Thursday, July 30, 2009

Books, Etc...


One of the good things about retirement is that you have more time to read and reflect. I just finished reading Robert Caro’s, Master of the Senate. This is the writer's third volume on Lyndon Johnson. This thousand page book won Caro a Pulitzer Prize. After reading it I can see why. The author focuses on Lyndon Johnson and his lust for power. He tells about Johnson’s dark side and I came away feeling Johnson was not a pleasant person to know. But I learned a great deal about how the Senate works and does not work and how God really does “write straight lines with crooked sticks.” Brilliant and ruthless, Johnson was responsible in passing the first Civil Rights legislation since Reconstruction. The book covers one of the most remarkable periods in American history: 1949-1960. I sometimes wondered if I would ever get through this long, long book. It was a good, good read.


For Devotional reading I have been reading This I Believe II. This I Believe began on NPR when people from all walks of life would tell briefly what meant the most to them and kept them going. I had read the first volume and was excited when Volume II came out. Many of these short essays lifted my spirits. Famous folk like Yo Yo Ma, Elie Wiesel to ordinary people like a diner waitress, an Iraq war veteran and a multitude of others. People tell about forgiveness, personal integrity and being open to change. In this time when some days it really does seem like the sky is falling I find books like this to be supremely helpful.


I keep coming back to a poet I discovered just a few years ago. Alden Nowlan’s Selected Poems does the same kind of lifting my spirits as the This I Believe series. Nowlan was one of Canada’s finest poets. Hew was born in Nova Scotia. He died in 1983 but left behind poems that continue to move and help. Amazingly he only had five years of official schooling. He left school when he was twelve years old to work as a pulp cutter and millhand in the forests of the Maritimes. His poem, “He Sits Down on the Floor of a School for the Retarded” tells of visiting a school for the mentally handicapped. A female resident came and sat down beside him and put her arms around him.
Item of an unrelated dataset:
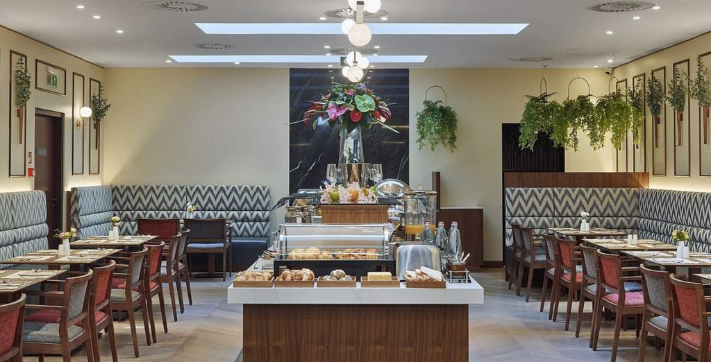 Iniziate la giornata con una deliziosa colazione nell'elegante e luminosa sala progettata con stile e raffinatezza, dove potrete gustare un buffet dolce e salato in tutta tranquillità. Lasciatevi viziare e scegliete tra un'ampia varietà di proposte locali e internazionali. Il Bistro Lounge, contemporaneo ed elegante, offre una selezione di piatti raffinati per i vostri pranzi e cene in hotel (con supplemento). Sorseggiate poi, in tutto relax, un drink sulla terrazza panoramica e ammirate la vista mozzafiato di Budapest con un delizioso cocktail dopo una lunga giornata di visite turistiche e shopping.

Not knowing what to do he responded by holding her in his arms. The end of that poem is moving:

“It’s what we all want, in the end,
to be held, merely to be held,
to be kissed (not necessarily with the lips,
for every touching is a kind of kiss).

Yes, it’s what we all want, in the end,
not to be worshipped, not to be admired,
not to be famous, not to be feared,
not even to be loved, but simply to be held.”

Even though I read his poems some time ago, I keep coming back to him. He touches my heart—maybe his poems hug me when I need it.

Like Documentaries? I recommend Food, Inc. I saw the movie recently and I think it is taken from a book by that same title. The movie jolted me awake to some of the problems that greed has brought to the food industry. Thinking about it, it looks like every institution has been infected seriously with greed. Health care, education, politics, of course. This constant demand for entertainment has forced television news and newspapers to mute their most important function. Walter Cronkite’s death made many of us come to terms to how much we have lost. Money seems to run everything. And so we come back to food. I learned that corn is in just about every product we eat. Montesano controls 90% of the corn supply in this country. Farmers who do not bow to their wishes are simply squeezed out of business. Agri-business has just about killed off the farmers anyway. This is a disturbing film. If you are interested at all in one of the real problems we all face this movie would be worth seeing.